I am greatly encouraged by the energy exhibited by so many members of my children’s generation. I have been around the political cesspool long enough to realize that a man of Ron Paul’s decency and integrity was not going to be sworn in as president next January. There are two basic reasons for this conclusion: (1) the political establishment has far too much at stake playing with the trillions of tax dollars and other advantages of power to allow their racket to be disassembled; and (2) the American people are not of a frame of mind to vote for any such changes. And even if the voters were so inclined, they would not be likely to have the opportunity to so express themselves. The political establishment knows, as did Emma Goldman, that "if voting changed anything, they’d make it illegal."

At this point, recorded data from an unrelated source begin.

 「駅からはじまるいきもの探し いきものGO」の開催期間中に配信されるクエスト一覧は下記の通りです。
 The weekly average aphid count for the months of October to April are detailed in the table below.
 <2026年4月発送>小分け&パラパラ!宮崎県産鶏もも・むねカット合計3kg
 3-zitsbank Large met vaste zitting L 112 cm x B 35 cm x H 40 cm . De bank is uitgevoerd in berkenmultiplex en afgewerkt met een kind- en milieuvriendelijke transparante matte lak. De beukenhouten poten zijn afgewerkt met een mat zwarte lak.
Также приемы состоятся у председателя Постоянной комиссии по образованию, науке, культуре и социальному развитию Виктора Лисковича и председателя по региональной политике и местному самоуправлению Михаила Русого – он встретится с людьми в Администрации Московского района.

The major political parties are in shambles. While each can enunciate policies or programs they wish to develop, neither has any identifiable set of transcendent principles to which to repair for direction. An example of this was brought to my attention by one of my daughters and her husband, who became Ron Paul activists in Minnesota. At one of their regional party conventions, the Paul supporters proposed a resolution condemning the American government’s use of torture. The resolution was narrowly defeated. Enough Republicans had become so morally bankrupt that they could not even bring themselves to censure the torture of other human beings when done by a government with which they identified themselves!

Even though Ron Paul will not soon become president, his candidacy did inflict irreparable damage on the political establishment. After witnessing, on live television, how his own party schemed and gyrated in an effort to keep him out of the political debates; and how the mainstream media refused to even acknowledge his presence as a candidate — all the while trumpeting others who Paul left in the dust in primaries — intelligent minds need no longer question the conspiratorial nature of all politics.

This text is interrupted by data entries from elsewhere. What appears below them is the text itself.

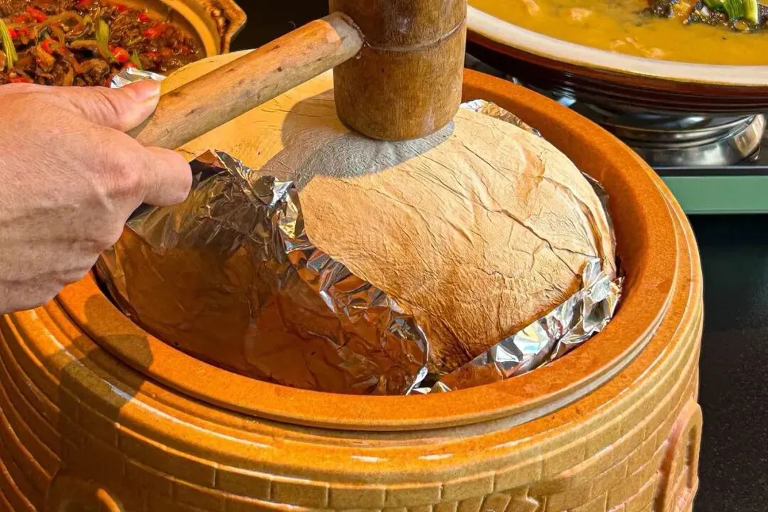 “瓷都”的特色美食,将土鸡处理干净后,用荷叶、瓷泥包裹严实,放入窑中与瓷器同烧。经过高温烘烤,鸡肉吸收了荷叶的清香与瓷泥的矿物质,肉质鲜嫩多汁,香气扑鼻,堪称“土菜精做”的典范。
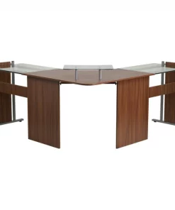 Flash Furniture Multi Functional Desk, 61-3/4" D, 95" W, 34" H, Teakwood, Metal, Table Top: Glass
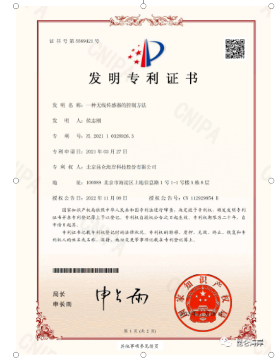 日前,由我司(昆侖海岸)申請的”一種無線傳感器的控制方法”發明專利正式獲得國家知識產權局授權,這標志著昆侖海岸在技術創新和知識產權方面又邁出了重要的一步。
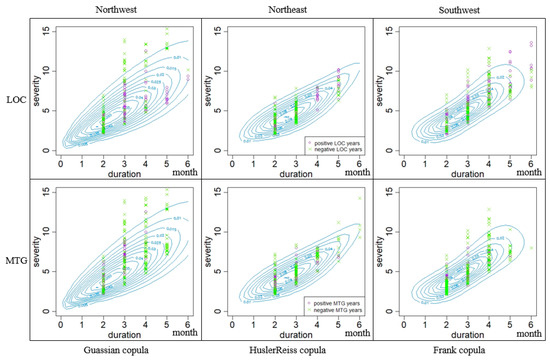 Copula distributions of drought duration and severity in positive (negative) LOC/MTG years.
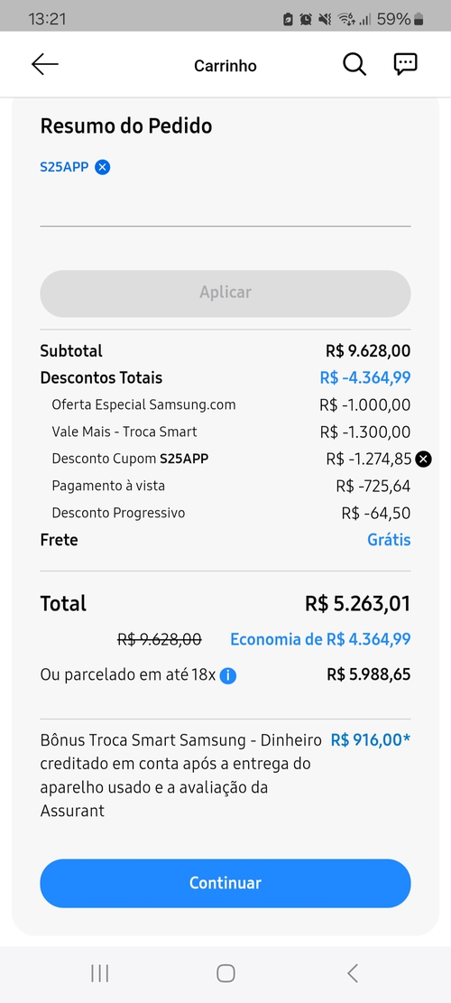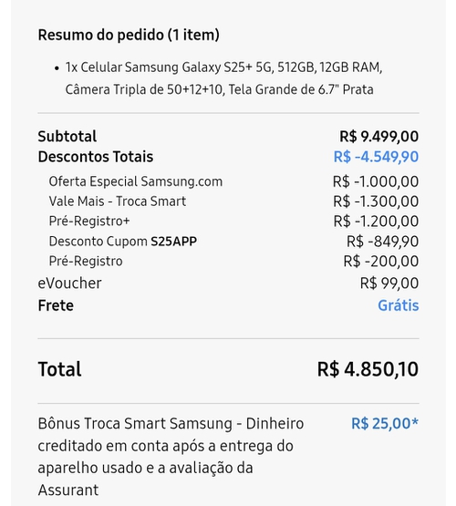 Não tô conseguindo chegar nesse preço de jeito nenhum, s25app não funciona aqui

His candidacy also revealed to the next generation of adults the benefits of decentralized ways of accomplishing social ends. This is the generation that will be incorporating the anarchistic principles of chaos theory — with its "butterfly effect" that so characterized the Paul campaign — into their lives and their children’s learning. They will be giving effect to F.A. Harper’s words that "a man who knows what freedom means, will find a way to be free." Hillary, John, and Barack — and other political hacks — are the detritus lying at the base of a collapsed system that serves no purpose useful to productive and honest people, and is destroying life. The depth of the lies, swindles, theft, and butcheries upon which the political racketeers have depended, is far too evident to be explained away as problems of "management," or to be resurrected in the name of "change."

Perhaps in one of my favorite poems — one I often recite and which serves as the title of this E-Book — can be found the fate of a political system that the members of CNN’s self-styled "best political team" will never fathom. It is Shelley’s poem, Ozymandias:

I met a traveler from an antique land Who said: "Two vast and trunkless legs of stone Stand in the desert. Near them, on the sand, Half sunk, a shattered visage lies, whose frown, And wrinkled lip, and sneer of cold command, Tell that its sculptor well those passions read Which yet survive, stamped on these lifeless things, The hand that mocked them, and the heart that fed; And on the pedestal these words appear: My name is Ozymandias, King of Kings: Look on my works, ye Mighty, and despair! Nothing beside remains. Round the decay Of that colossal wreck, boundless and bare The lone and level sands stretch far away."